Given the political uncertainty regarding the status of EU workers, employers may consider bringing in workers from EU while it is possible. Employers may also want to attempt to secure the UK immigration status of their employees by, for example, encouraging employees to apply for permanent residence once they have been in the UK for five years and have exercised their right to freedom of movement or who qualify on another basis.
2. Employee share incentives
UK businesses that offer share scheme benefits to group employees throughout the EU may have to rethink these arrangements, if the relevant exemptions under the Prospectus Directive are no longer be available. Ensuring compliance with the Prospectus may be difficult and costly and may mean that UK businesses may find it impractical to continue to offer such schemes to employees. Employers may wish to review their benefit schemes and attempt to ensure compliance in advance of the removal of the relevant exemptions.
Passporting is a major issue in the aftermath of the Brexit vote.

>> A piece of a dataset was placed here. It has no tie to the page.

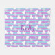 Bonitos Navidades huyen de una manta con rayas moradas y azules, copos de nieve blancos, odios de invierno y mitones. Sólo tienes que añadir tu nombre en el área de personalización. Navidades de bonito o regalo de vacaciones.
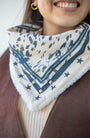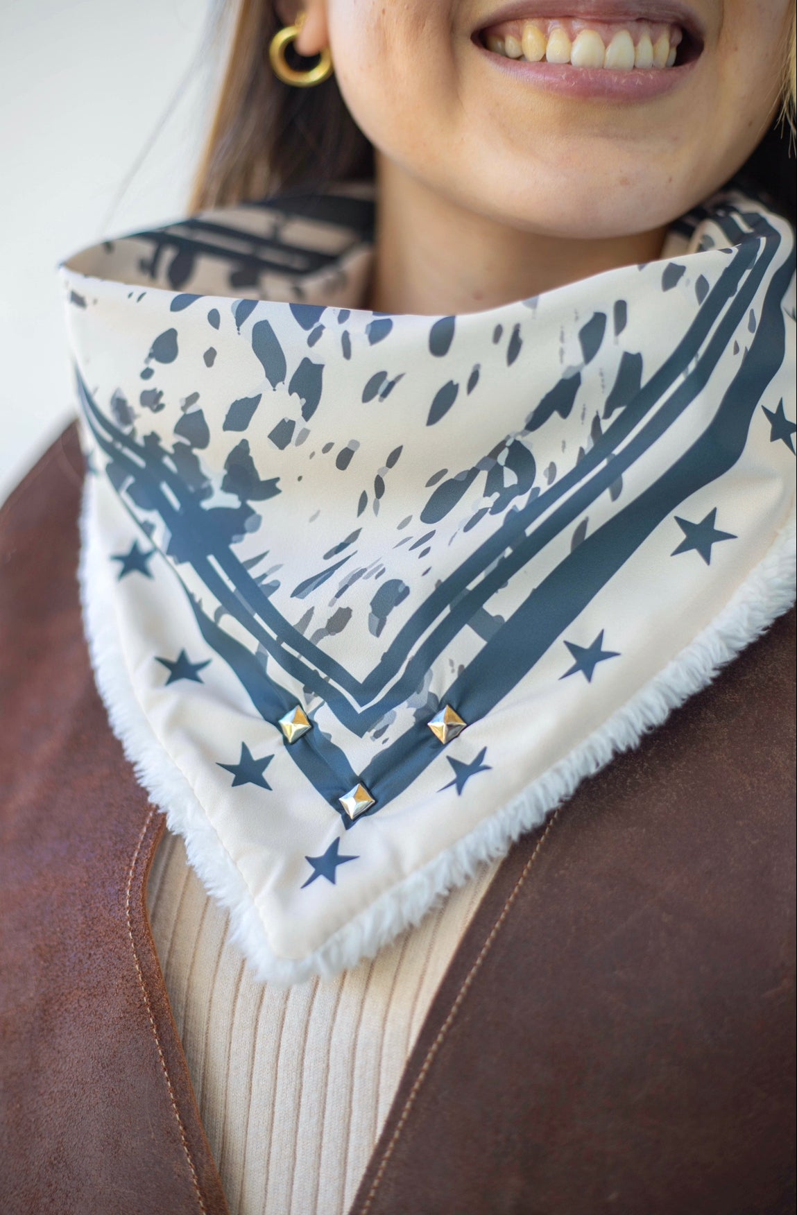 Pañuelo con chiporro con estampado propio. Incluidas tachas y aplicaciones en su borde. Se amarran por medio de un broche en donde lo puedes ajustar moviendo el botón a tu gusto!

The FCA reported on 20 September 2016 that nearly 5,500 British registered companies use “passports” to access the EU markets. The loss of the passporting regime would not only harm British companies but EU companies as well. The FCA also reported that about 8,000 companies registered elsewhere in the EU use passports to access the UK. The loss of the passporting regime would therefore have a large impact on Europe as well as the UK. UK businesses involved in financial services that would be impacted by changes to passporting right may wish to consider moving their headquarters to an EU state in order to retain access to the EU market. However, depending on the size of the business this can be a costly and lengthy process. Given the current political uncertainty and the high chance that transitional provisions will be put into place to manage the significant changes to the regime, companies may wish to wait until more concrete proposals are known.
Moving from the UK
Businesses that do choose to relocate to the EU for various reasons will have a number of further considerations, including how to ensure continuity of business and minimising the impact on existing collateral, netting and hedging arrangements during business relocation.
Real estate and tax are practical consideration that will require significant advance planning. Lease contracts and planning permission will need to managed well in advance as well as the balance sheet impact of changes in taxation and loss of any EU tax benefits.